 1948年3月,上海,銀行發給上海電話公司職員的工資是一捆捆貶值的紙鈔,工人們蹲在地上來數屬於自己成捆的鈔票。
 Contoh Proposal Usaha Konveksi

--

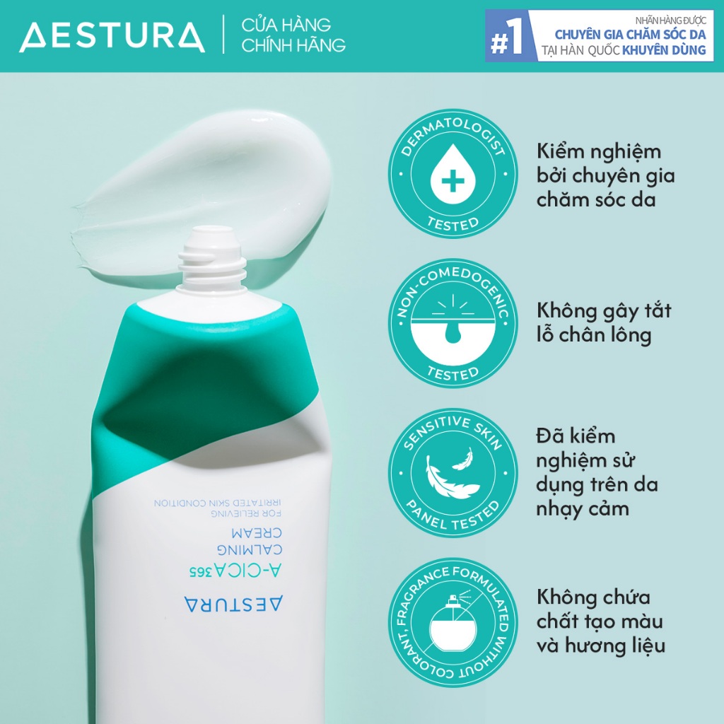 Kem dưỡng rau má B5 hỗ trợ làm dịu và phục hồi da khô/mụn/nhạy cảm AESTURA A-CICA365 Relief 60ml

WHAT THE TASK ASKS
Retype exactly the span of lines from the one with "1948年3月,上海,銀行發" through the one with "Contoh Proposal Usaha Konveksi"; include both ends and omit the rest of the material.

ANSWER TO THIS TASK
 1948年3月,上海,銀行發給上海電話公司職員的工資是一捆捆貶值的紙鈔,工人們蹲在地上來數屬於自己成捆的鈔票。
 Contoh Proposal Usaha Konveksi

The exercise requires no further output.